Heikki continued: "Linux is badly documented, but so what?
" and often
that would have been the end of it. But we are an open development community
where putting up with mediocrity is neither necessary nor encouraged.
If things are broken then there is always the possibility of fixing
them if only we know how. How, then, can we fix the documentation?
"Documentation" is a broad category and I would like to start by narrowing our focus a little and excluding reference documentation from consideration. By this I mean documents used by a person knowledgeable in the subject who needs to clarify some detail such as the arguments to some function or the required ordering between two locks. For these details the source code is by far the best resource - as it cannot get out-of-date - and, when the code itself is not sufficient, placing the documentation in the source code will provide the greatest likelihood of it being found, read, and kept up-to-date. It doesn't really belong in a separate Documentation directory.
The class of documentation that is of interest is documentation for the new developer, not necessarily new to development but new to a particular project or subsystem. Such a developer combines a lack of knowledge with a genuine interest and this is a combination that is not stable: if one component does not disappear soon, the other is likely to. The task of good documentation is to ensure the lack of knowledge disappears before the interest.
I was exposed to this instability when trying to understand some details of power management in Linux. The documentation simply didn't help and I had to look elsewhere. However when I went back to assess the documentation while preparing for this article I discovered that it wasn't as bad as I remembered. I now had enough experience that it all made sense. The paucity of the documentation was now only in my memory and I couldn't be sure I had given that documentation a fair trial. The temptation to just move on might have won had Heikki Orslia's observation not encouraged me on.
To understand what makes good documentation we need to mine the experiences from that short window of naive interest to find out what works and what doesn't.
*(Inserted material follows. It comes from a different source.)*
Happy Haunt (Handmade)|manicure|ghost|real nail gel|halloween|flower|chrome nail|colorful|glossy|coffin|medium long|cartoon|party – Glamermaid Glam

A question that seems most suited for digging is "What were you looking for that you didn't find". I'm sure my kind reader will have their own answers to offer, but here are three that I have found on my travels.
Wire-frame outlines
When I first went to the Linux power management documentation I was after a "big picture" understanding. I wanted more detail than "this code manages power" but not quite "these are the entry points that a driver must provide". I wanted to know what the important parts were and, significantly, how they connected together and impacted each other. I picture this as a collection of key concepts together with the linkage between them. These are nodes and edges in a graph, entities and relationships, or for the more spatially oriented, vertices and edges of a wire-frame polyhedron. This gives the shape of the project without getting bogged down in details.
For me it is vital to have this framework first as I can only take in and retain new details if I have something to attach them to and a place to attach them. Without it I'll either attach new ideas to the wrong place, or forget them completely - which is probably the safer of the two.
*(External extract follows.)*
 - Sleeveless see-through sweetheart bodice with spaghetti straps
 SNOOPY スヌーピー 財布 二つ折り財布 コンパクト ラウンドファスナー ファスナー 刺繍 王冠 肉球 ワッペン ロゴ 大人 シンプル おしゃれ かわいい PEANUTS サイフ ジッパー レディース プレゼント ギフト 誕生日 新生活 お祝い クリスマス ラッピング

The image of a wire-frame is a little misleading as it presents all vertices as of equal value and this is rarely the case. Some concepts are bigger and should be named and described first. Others can come later. So maybe a ball-and-stick model might be a better picture, with big and small balls, joined by thin and fat sticks.
In the case of Linux power management, one key concept that gives shape to the whole is the number of multiplicities: there are multiple sequencing states when moving away from or towards full functionality, multiple power saving approaches such as runtime, suspend, and hibernate, and many multiple different sorts of devices that need to fit into the frameworks. Another concept, already hinted at but often recurring, is that there is generally one "fully functional" state but several "low power" states, where moving between two low power states involves returning to fully-functional and then reducing power a different way.
Why, not what.
"Swap over NFS" is a set of functionality that some people find valuable, but is not at all straightforward to implement. There is a need to avoid deadlocks in memory management, and to do so without slowing down either the networking code or the memory allocation code, both of which are quite performance sensitive. There is a set of patches which provides this functionality but getting it ready for mainline inclusion has been a slow process.
Andrew Morton was recently good enough to provide some review of these patches and, while reading the commit-log entries and code comments is a little different from seeking out more coherent documentation, it does provide a good window into the thoughts of someone who, while generally knowledgeable, is both new to the project specifics and still interested. It can thus answer the question "what were you looking for that you didn't find?".
One observation that he made repeatedly is most clearly embodied in
or more humorously in: "s/"what"/"why"/ !
".
Documenting what a function does is very important in closed-source projects, but less so in open source where the code can be directly read. Of course if the code is long and complex it might be easier to read some documentation, however the effort of writing the documentation might be better spent in breaking up the code and making it more readable.
Documenting why is much more valuable, whether it is "why do it this way" or "why even do this at all". The "why" of a project is rarely explicit in just one place of the code. Rather it permeates throughout and can touch various fragments in different ways. Sometimes the "why" is not technical at all but is historical, cultural, or simply subjective. In these cases it really cannot be extracted by reading the code and must be documented, or lost.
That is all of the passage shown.